I had 0 ammonia and 0 nitrites, the test on the puffers tank is perfect, it was the 33gallon community which had the high nitrates


----------



## MEDHBSI (Sep 4, 2011)

Ive had a large snail nuke my whole tank before. You gotta keep an eye on dead snails there deadly  no pun intended


----------



## Canadian731 (Jun 25, 2013)

I usually give them the small snails for a day or so then remove them


----------



## Immus21 (Jun 14, 2010)

Canadian731 said:


> I had 0 ammonia and 0 nitrites, the test on the puffers tank is perfect, it was the 33gallon community which had the high nitrates


Sorry. I'd still up the w/c % or frequency and reduce feeding sizes.
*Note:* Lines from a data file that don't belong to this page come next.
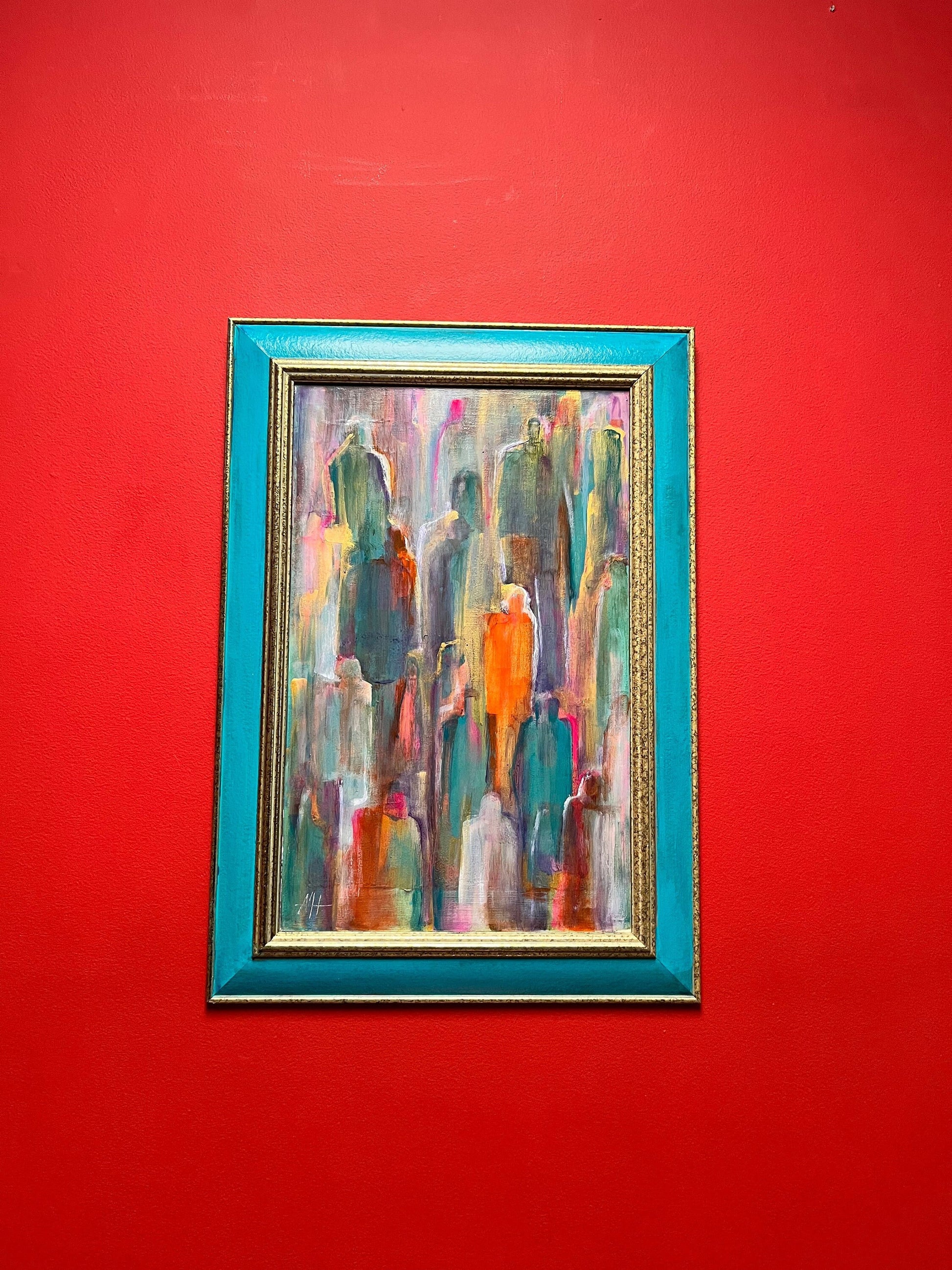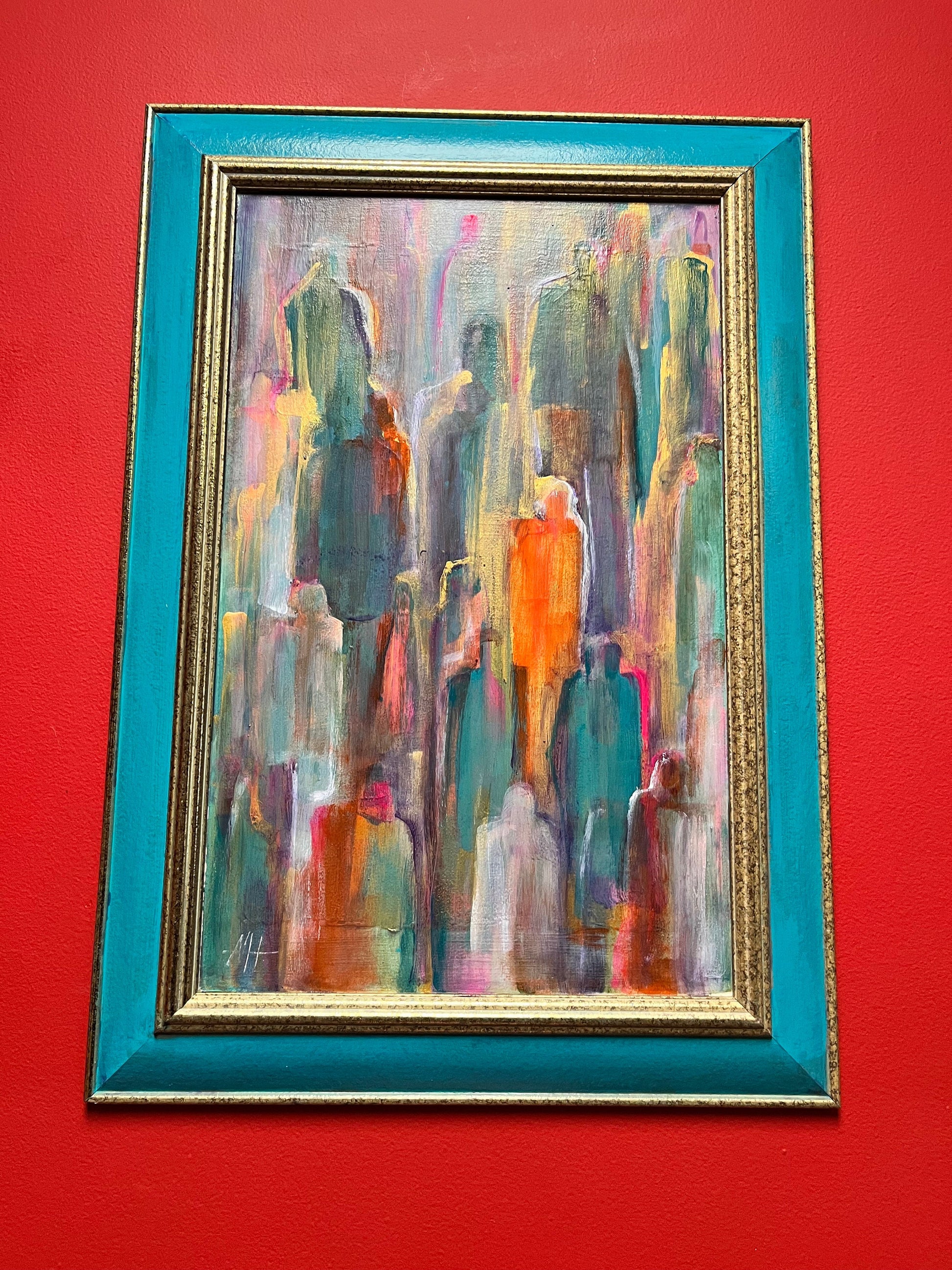 Exquisite 24 x 17 well-known Vancouver Island artist Marie Heath untitled abstract acrylic on board - stunningly framed - wow
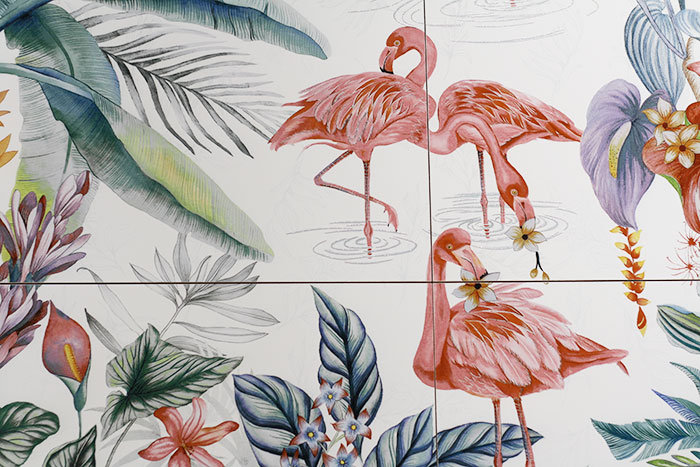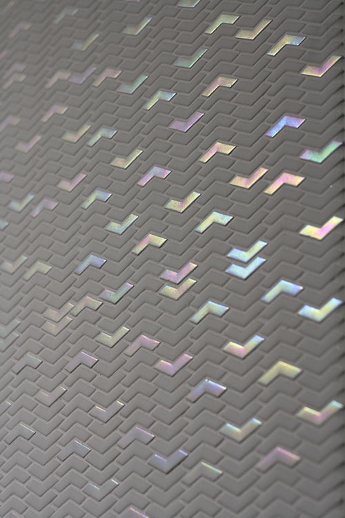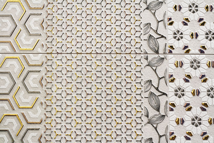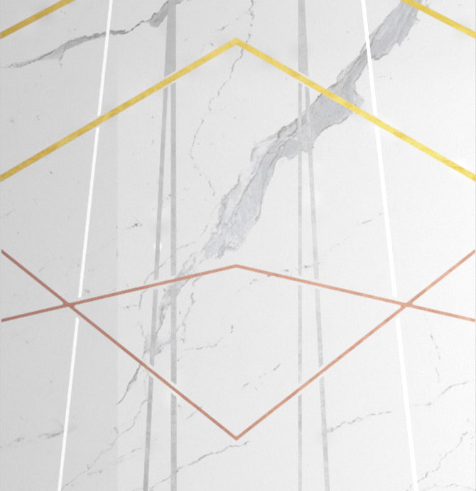 Closely replicating natural materials is only the start for manufacturers like Bestille, which uses three different effects in one piece. In Bestille’s White Flamingo, there is an underlayer of silvery luster ink, a glossy color that establishes the design and metallic touches over the top. Apavisma’s Natura Collection similarly imitates marble on the base layer and overlays it with gold and silver geometric lines.
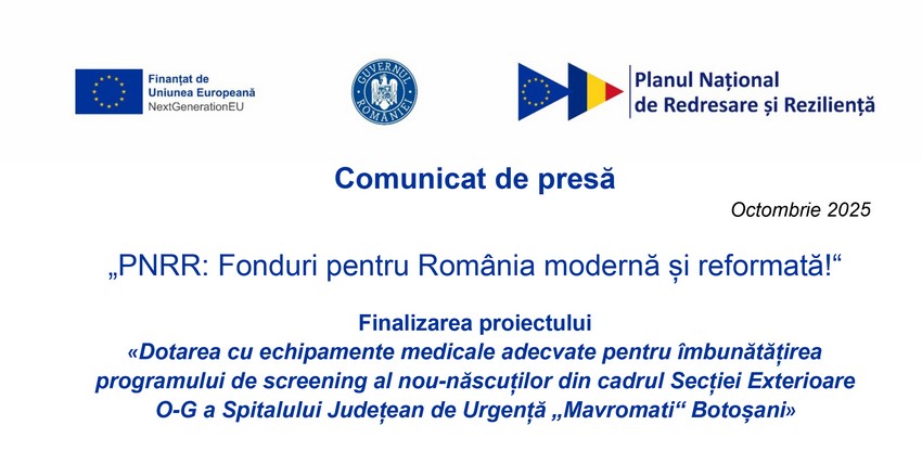 Comunicat: Finalizarea proiectului Dotarea cu echipamente medicale adecvate pentru îmbunătățirea programului de screening al nou-născuților din cadrul Secției Exterioare O-G a Spitalului Județean de Urgență „Mavromati“ Botoșani 6 octombrie 2025 …
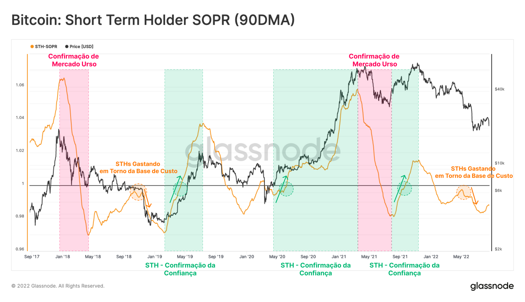 Observando o SOPR dos Investidores de Curto Prazo (90DMA), podemos ver uma proporção trimestralmente suavizada dos preços de venda do investidor em relação aos preços de compra. O nível de limite importante nessa métrica é um cruzamento de 1,0, com uma quebra acima indicando um retorno aos gastos lucrativos.
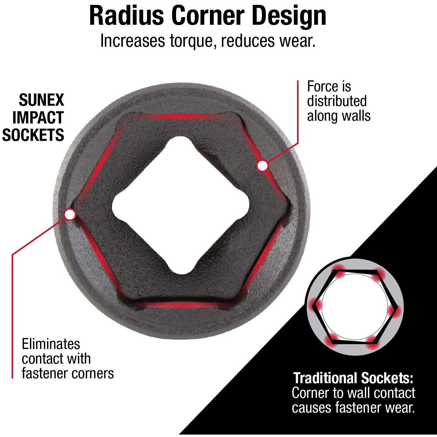 Forged from the finest chrome molybdenum alloy steel – the best choice for strength and durability. Radius corner design – to extend the life of fasteners. Ideal for working in tight areas. Included in a heavy duty blow molded case. Fully guaranteed No doubt Sunex tools offer one of the most complete and toughest Impact Socket lines around. This 1/2″ drive 6 point extra deep impact socket set is designed to tackle the toughest jobs with solid durability and keeps them pounding job after job. Also each socket features a radius corner design causing the socket to grab the sturdy wall of the fastener instead of grabbing the corners resulting in less wear on the fastener.

How many fish are in the 33G?


----------



## Canadian731 (Jun 25, 2013)

total, probably about 20 - 25, running an AC 50 and 30 on it


----------



## effox (Apr 21, 2010)

Wash your AC's media out with tank water, sounds like you've got a nitrate factory going on.


----------



## dino (Aug 29, 2011)

do you gravel vaccume and rinse sponges in used water?


----------



## Livyding (Feb 6, 2013)

Okay, since the fish that died were a molly (brackish) and a dwarf puffer (neutral to medium-hard water) I'm guessing that your water is soft. What are you using if anything to buffer and/or harden the water here?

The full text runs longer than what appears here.